▶ **Data excerpts**
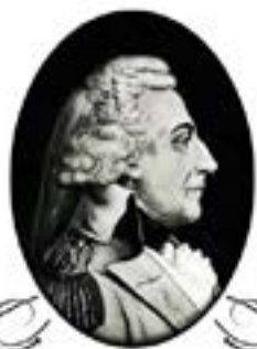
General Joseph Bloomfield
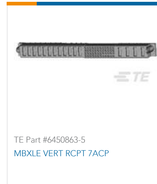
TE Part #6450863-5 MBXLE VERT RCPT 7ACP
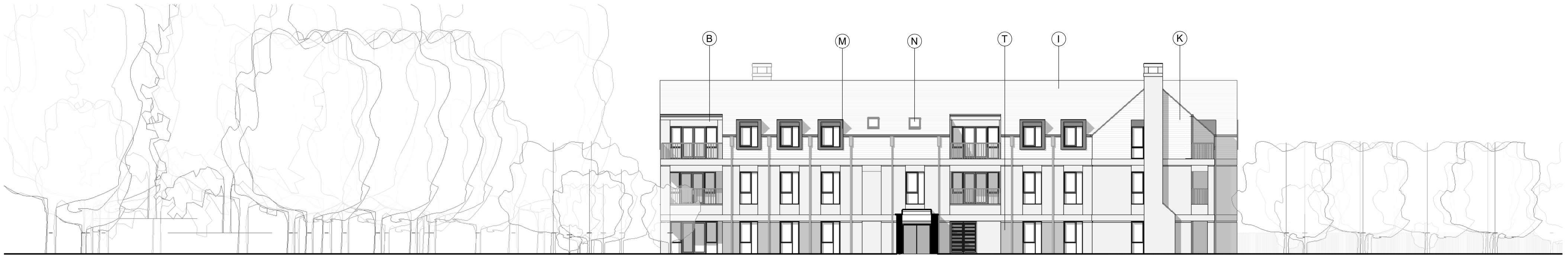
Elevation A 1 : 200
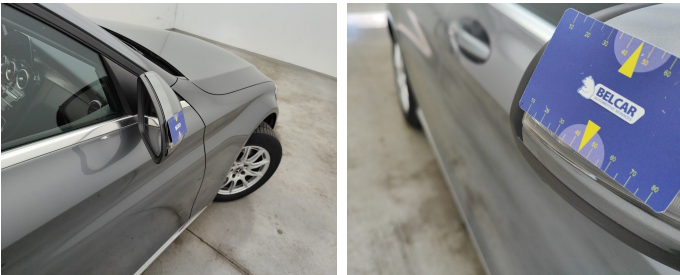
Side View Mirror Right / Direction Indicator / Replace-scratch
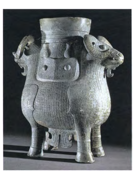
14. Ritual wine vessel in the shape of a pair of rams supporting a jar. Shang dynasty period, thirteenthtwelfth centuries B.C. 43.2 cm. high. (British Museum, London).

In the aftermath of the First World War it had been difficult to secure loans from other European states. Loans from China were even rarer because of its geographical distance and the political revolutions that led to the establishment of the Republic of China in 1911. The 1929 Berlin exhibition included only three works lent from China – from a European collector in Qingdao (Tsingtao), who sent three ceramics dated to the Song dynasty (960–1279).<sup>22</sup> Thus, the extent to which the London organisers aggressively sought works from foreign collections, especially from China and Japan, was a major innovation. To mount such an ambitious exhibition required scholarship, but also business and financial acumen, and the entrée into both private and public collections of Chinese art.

* * *

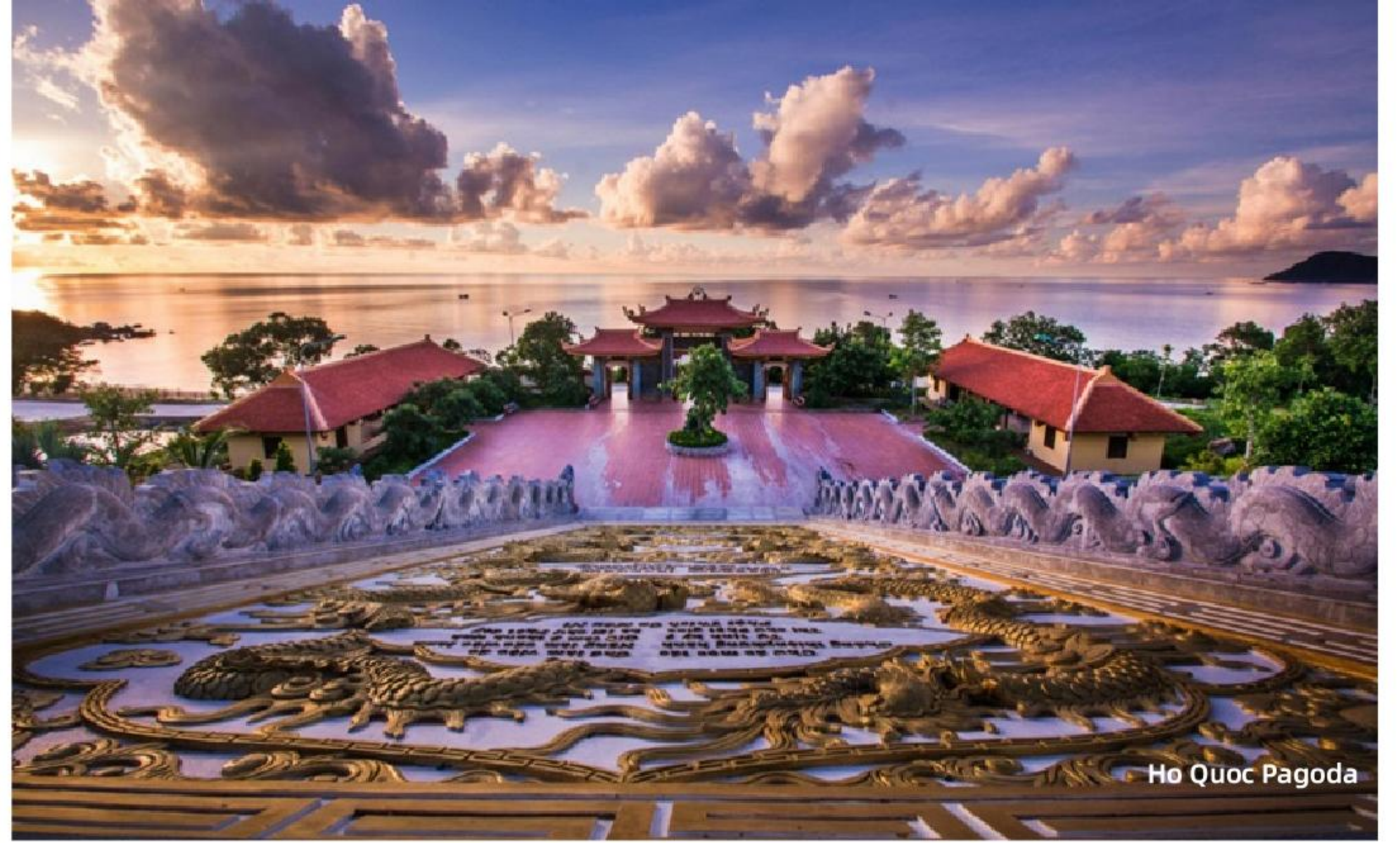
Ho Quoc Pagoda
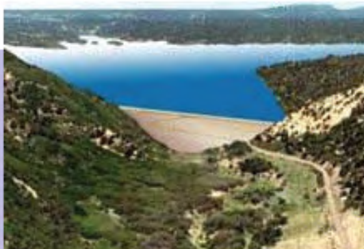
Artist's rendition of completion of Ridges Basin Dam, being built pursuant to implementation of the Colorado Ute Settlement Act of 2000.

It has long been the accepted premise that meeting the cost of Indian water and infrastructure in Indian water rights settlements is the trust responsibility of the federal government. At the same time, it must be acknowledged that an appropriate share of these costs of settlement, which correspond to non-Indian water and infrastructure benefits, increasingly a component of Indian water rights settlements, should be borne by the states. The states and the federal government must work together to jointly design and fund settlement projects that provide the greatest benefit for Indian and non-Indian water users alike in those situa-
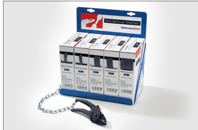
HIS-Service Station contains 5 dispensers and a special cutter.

...

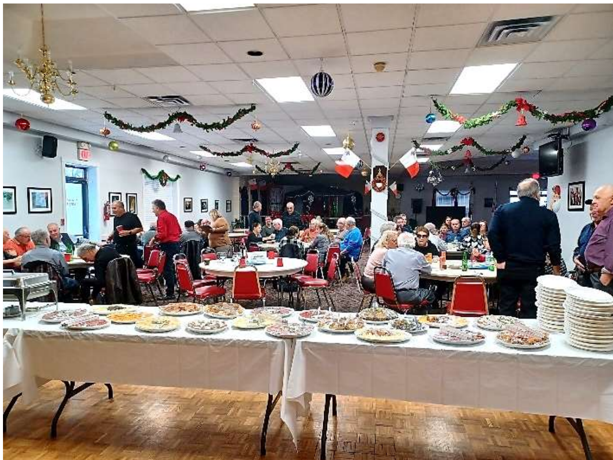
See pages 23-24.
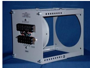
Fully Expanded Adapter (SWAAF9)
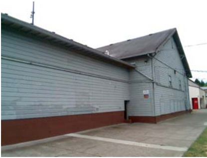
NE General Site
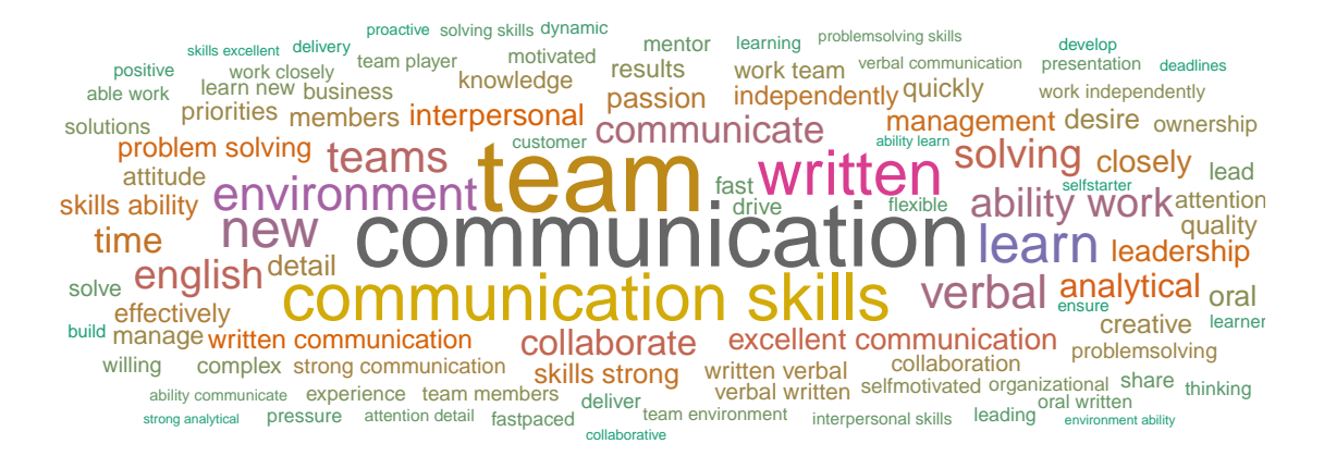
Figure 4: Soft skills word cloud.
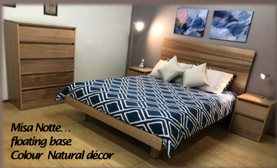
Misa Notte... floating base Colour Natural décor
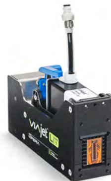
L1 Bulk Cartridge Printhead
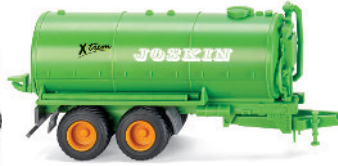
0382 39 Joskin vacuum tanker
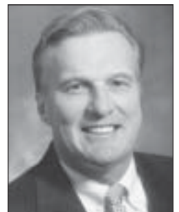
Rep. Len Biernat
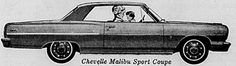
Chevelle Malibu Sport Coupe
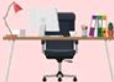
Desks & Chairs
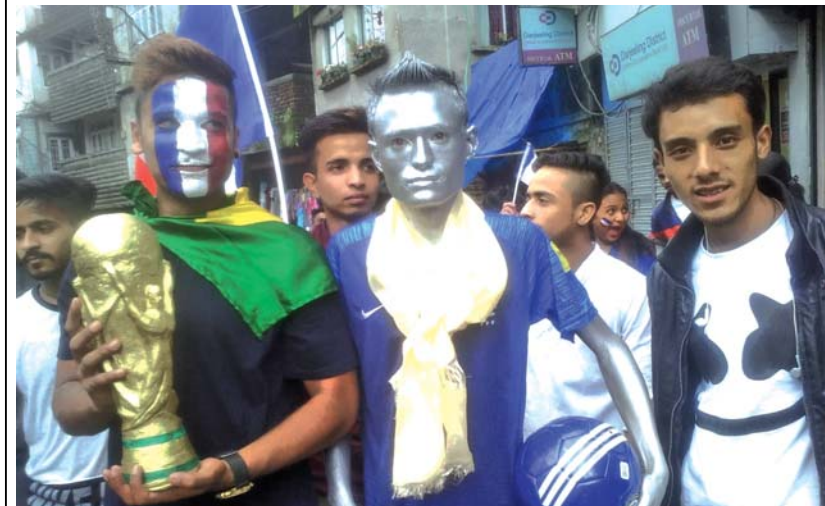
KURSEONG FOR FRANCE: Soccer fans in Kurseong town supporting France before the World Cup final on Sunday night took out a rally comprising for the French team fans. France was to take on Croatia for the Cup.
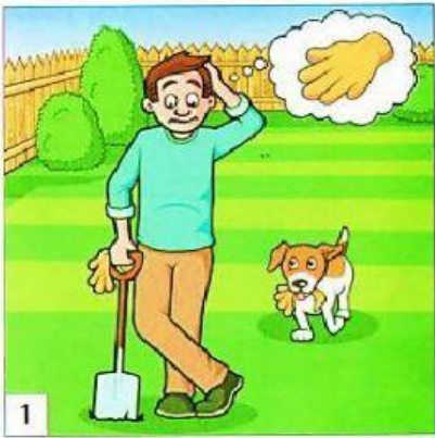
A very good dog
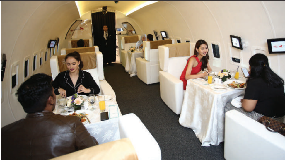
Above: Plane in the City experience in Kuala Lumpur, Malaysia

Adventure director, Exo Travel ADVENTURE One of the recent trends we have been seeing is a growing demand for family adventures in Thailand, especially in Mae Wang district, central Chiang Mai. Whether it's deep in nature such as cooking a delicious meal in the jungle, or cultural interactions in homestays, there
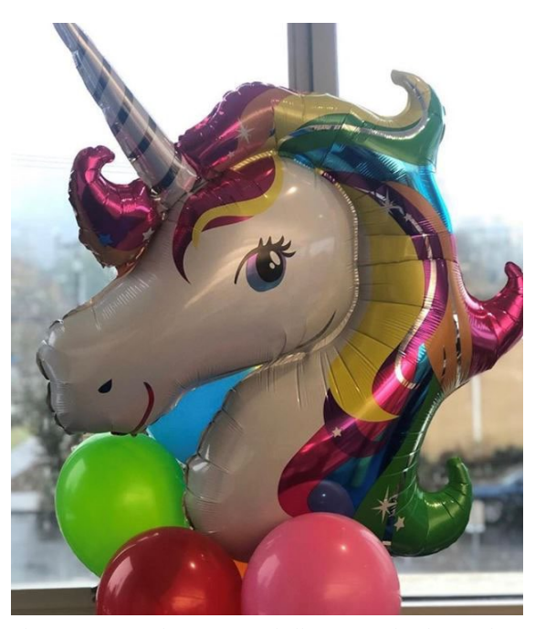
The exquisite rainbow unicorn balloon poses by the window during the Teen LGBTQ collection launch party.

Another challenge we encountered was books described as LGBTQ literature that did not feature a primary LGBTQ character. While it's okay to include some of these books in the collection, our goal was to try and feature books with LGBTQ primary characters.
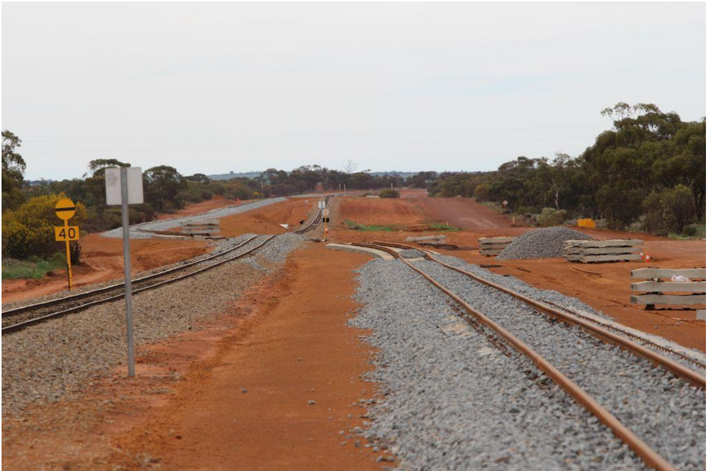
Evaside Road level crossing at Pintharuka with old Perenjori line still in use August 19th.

▶ **Exercise**
Look above for the line containing "It has long" and the line containing "HIS-Service Station contains", then reproduce both and everything between them exactly, pictures omitted.

▶ **Response to this task**
It has long been the accepted premise that meeting the cost of Indian water and infrastructure in Indian water rights settlements is the trust responsibility of the federal government. At the same time, it must be acknowledged that an appropriate share of these costs of settlement, which correspond to non-Indian water and infrastructure benefits, increasingly a component of Indian water rights settlements, should be borne by the states. The states and the federal government must work together to jointly design and fund settlement projects that provide the greatest benefit for Indian and non-Indian water users alike in those situa-
HIS-Service Station contains 5 dispensers and a special cutter.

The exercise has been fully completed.